Ahmedabad/Kolkata: Central Government figures show that 12 million children are engaged in child labour and out of school. Starting April 1 education is the right of every child in India but the Right to Education Act has not made any specific provision to bring the child labours back into regular school.

Seven-year-old Anil Patel doesn’t go to school. He works with his parents on a small piece of land 70 kms from Ahmedabad. His parents say they could not afford the school fee.

“Even if I decide to teach him, where will I fund his expenses from?” asks Anil’s father Narsinh Patel.

After the sowing season is over, the Patels move to Ahmedabad as migrant labourers for six months and take Anil with them. The seven-year-old doesn’t know what he’s missing out on. Having spent most of his life away from school he says he doesn’t want to attend class.

“I don’t want to go to school. The teachers used to beat me up,” he says.

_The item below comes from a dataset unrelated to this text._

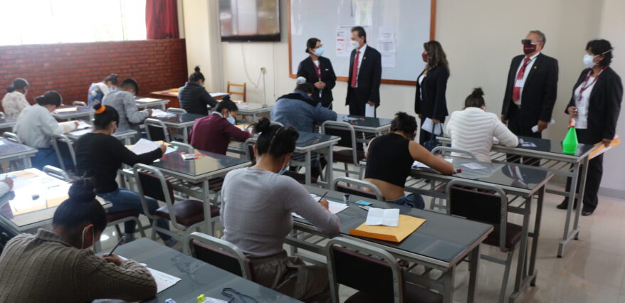 «En estos tiempos de pandemia estamos desarrollando los exámenes de manera presencial y en instalaciones establecidas, la nueva orientación es que vamos a procurar que todos los exámenes sean en aulas para que los postulantes gocen de la comodidad suficiente para que su rendimiento sea óptimo y no exista alguna excusa que disminuya sus posibilidades» señaló el Vicerrector Académico, Dr. Luis Cuadros Paz quien junto a la Secretaria General, Dra. Maritza Chirinos, decanos y miembros de la Comisión de Admisión inspeccionaron cada una de las aulas donde se desarrolló este examen, que registró un nivel de ausentismo del 4%.

Like Anil, Kakali Baidya was also denied the right to education. The 14-year-old was studying in class 1 when her family moved to Kolkata for work. The shift cost Kakali her education and the city made her a domestic help.

The Right to Education Act which makes elementary education compulsory for 6-14 year old aims to better the lives of children. But what about those like Anil and Kakali and other children working as labourers, as domestic help?

“There needs to be special packages for them because RTE will be meaningful only if these children are brought into the fold of mainstream schooling,” says NGO’s Save the Child Programme Coordinator Biswaroop Banerjee.